The system — the “cesspool” of college recruiting, as Dick Vitale once put it — has been propped up by the NCAA’s “amateurism” ideal, which has helped create a market that allows recruits like Wiggins and McLemore to be taken advantage of, rather than acknowledging they’re part of a business, and one where they should be advised by truly professional handlers and agents. And it is only made worse by the constant media attention given to the decisions of 17- and 18-year-old young men.

So those young men become commodities, and they are becoming commodities at younger and younger ages. We hang on their every word, their every move, their every play. We wait for their decision, then pray that they don’t bring problems to the school lucky enough to gain their services, problems that violate NCAA rules and land those schools in trouble. We gasp in shock when those problems arise, wondering how and why it ever could have happened when in reality, it’s almost more shocking when it doesn’t. On top of all that, there’s the pressure — the cross-country flights to AAU tournaments, the pressure to graduate high school early (as Wiggins will do), the requirement that a teenage kid live under the national microscope.
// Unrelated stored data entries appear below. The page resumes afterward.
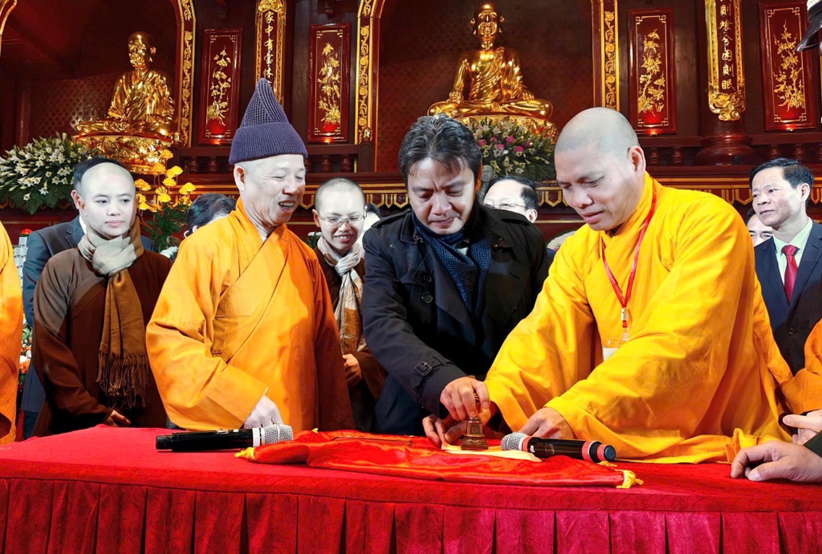 Thứ trưởng Bộ Văn hóa, Thể thao và Du lịch Hoàng Đạo Cương làm lễ đóng dấu thiêng Yên Tử. Ảnh: TTTT
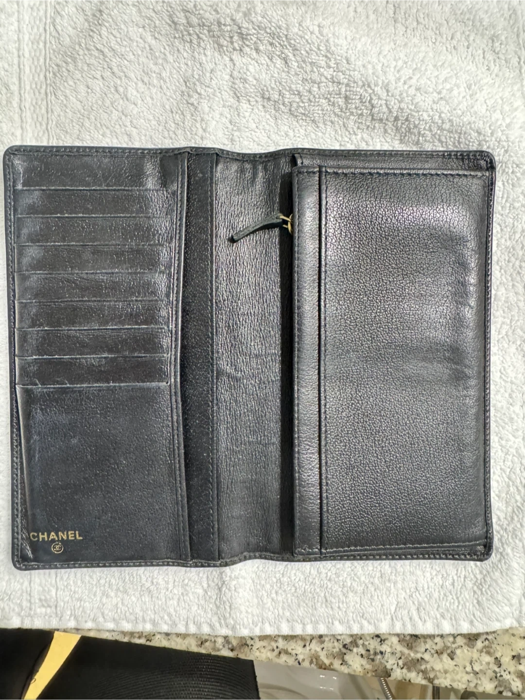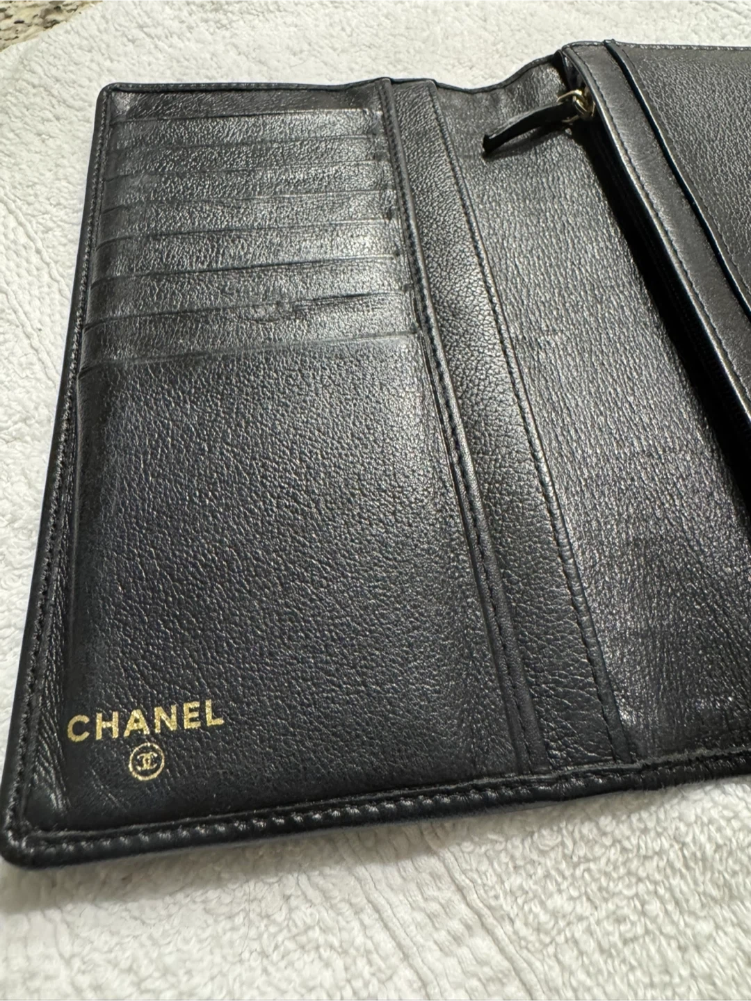 Selling a Chanel black leather wallet. It has minimal signs of use, very good condition and has lots of life left! Perfect for keeping your cards and cash organized. Misplaced the dust bag however I do have the box. This one is timeless and in excellent condition! Barely used… can give another dust bag if the need is there :)
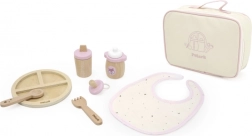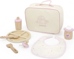 Teller, Besteck, Schnuller, zwei Fläschchen und ein Lätzchen – Kinder haben alles, was sie für die Pflege ihrer Puppe brauchen.
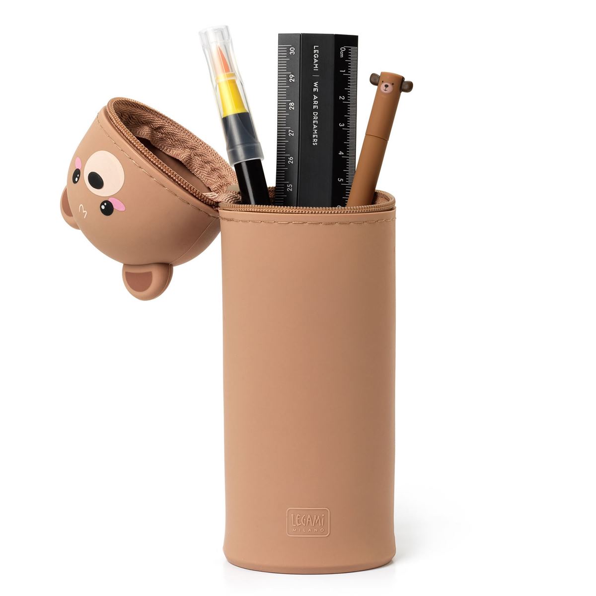 Cute and functional, this Legami Kawaii Teddy Bear Pencil Case can be used as a pen holder and pencil case due to its clever design.
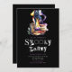 This invitation captures the essence of Halloween with a touch of enchantment. Against the dramatic black backdrop and alternating lines of stark white and light purple text, the words "spooky party" are presented in a horror movie cut-from-magazines letter font, adding an element of surprise and a touch of eerie spookiness to the overall design.
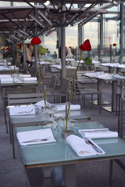 Kdo nemá čas na posezení, může si ten samý výhled užít z vrcholku pojízdného schodiště, které ústí jen pár metrů od vstupu do restaurace. Na obě místa se dostanete až po zaplacení vstupného do muzejních sbírek (14 eur), nebo poplatku za vstup na vyhlídku (3 eur).

Andrew Wiggins has avoided most of that, and whether it’s because he is a mild-mannered kid who never wanted the spotlight or because he has a family that includes a former college basketball player doesn’t really matter. His close-to-the-vest recruitment won’t change anything — after a few days of speculation about what he will mean to the future of Florida State, Kentucky, Kansas, or North Carolina, the recruiting biz will move on (if it already hasn’t) to the next star, the next kid who will mean enough to a program that it’s worth watching every dribble, every tweet, every word. But today, instead of asking what Wiggins will mean to one of those schools, we ought to look at the maelstrom he did his best to avoid, the one that supposedly exists to promote the best interests of the young men who participate, and ask ourselves what on earth we have created.